The SRH Question showed stronger correlation to the VAS across all condition groups which was similarly reported in a Swedish study with the Y-3L VAS [37]. The correlation was stronger in the general population group indicating that the VAS may be more sensitive in detecting differences in general health than the five levels of the SRH item. This is confirmed in this study in that VAS was significantly different between those with different health conditions but there was no difference between those with acute and chronic health problems on the SRH question.

Due to the limitations of the Covid pandemic on recruitment of children/adolescents at schools there may be non-response bias. Although parents and children/adolescents were explicitly instructed to complete the measures on their own without influence from others there was no way to ensure this in the sample with a chronic condition and general population. The Correlation of the Y-3L, Y-5L, PedsQL and SRH may have been influenced by the relatively high ceiling effect, most notably for the General population sample. The non-randomised order of the questionnaires could be influencing the results and contributing to an order effect. As the Y-5L is a newly developed measure it has first been tested in English, the source language, in South Africa before translation and adaptation into the other eleven South African languages. Although English is widely spoken and written in South Africa inclusion of only English questionnaires could have excluded parts of the population who speak or write in one of the other ten official languages of South Africa. No details on ethnicity were collected on which to judge the generalisability of the sample however, no one was excluded based on gender, race or religion.

Conclusion

The results of this study show that the Y-3L and Y-5L showed comparable psychometric validity to the PedsQL. When considering the choice between the PedsQL, Y-5L and Y-3L these study results indicate that theEQ-5D-Y instruments (Y-3L and Y-5L) are recommended for studies assessing known-group validity, particularly between children with and without illness, or where missing data should be minimised. The PedsQL generic measure does not capture acute health problems but shows improved performance specifically with a lower ceiling effect and spread of responses in those with a more stable health condition. As such the PedsQL generic measure may be preferable in future studies including the general population.
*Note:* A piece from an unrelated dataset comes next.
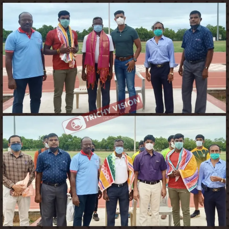 தமிழ்நாட்டிலிருந்து ஜப்பான் டோக்கியோ 2020 ஒலிம்பிக் போட்டிக்கு தேர்வாகியுள்ள திருச்சி மற்றும் தமிழ்நாடு தடகள விளையாட்டு வீராங்கனைகளை பதக்கங்களுடன் தாயகம் திரும்ப வாழ்த்தியும், அவர்களுக்கு பயிற்சி கொடுத்த பயிற்சியாளர்களுக்கு பாராட்டு விழா நடந்தது.
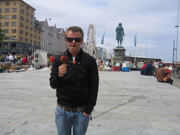 The flight from London to Bergen was a little bit shy of two hours. As we flew over the first bit of southern Norway my heart jumped. The landscape is beautiful and I can see how Bjork wrote Anchor Song on a Cruise from Iceland to Norway…its entirely gorgeous. The landscape reminds me of a mix of West Coast Canada with a bit of Viking lore and Muskoka Cottage country thrown into the mix. On the plane I got my first shot at Norwegian cuisine with the luxurious on board menu including cream cheese and smoked salmon sandwiches, Reinsdyrpolse (Reindeer Sausage) and Elgpolse (Moose Sausage). Everything in Norway is bloody expensive but totally worth it for the fantastic views and rich culture. I feel like I am actually living in a Viking (pronounced Wiking) village, perhaps I’ll see a troll or two! Some history; Olav Kyrre, King of Norway from 1066 to 1093 founded Bergen making it Scandinavia’s first capital city in the 13th century. Bergen was Norway’s largest city for 600 years and is now second to Oslo at a population of about 250 000 people. In the summer (right now) it never gets dark…the sun gets weak at around 11pm but it is still easy to walk around…no dark alleys here. The sun comes back at around 2am in full blast so the night is practically non existent.

Distribution of responses across the Y-3L, Y-5L and PedsQL cannot be compared and comparison of the Y-3L to the Y-5L was not the aim of this paper.

When considering the choice between the Y-5L and the Y-3L there was no systematic difference in the validity between these instruments or between the Y-5L or Y-3L and the PedsQL. Thus, the selection of EQ-5D-Y measure for future studies should be guided by the characteristics of the population to be included, for example the Y-5L may be preferred in a population where a higher ceiling effect is anticipated. In contrast the Y-3L may be preferred in a study which includes a younger cohort or where a lower literacy level is anticipated. Further research is recommended comparing the performance of the PedsQL and the Y-3L and Y-5L in homogenous disease groups to guide future researchers on the selection of the most appropriate instrument.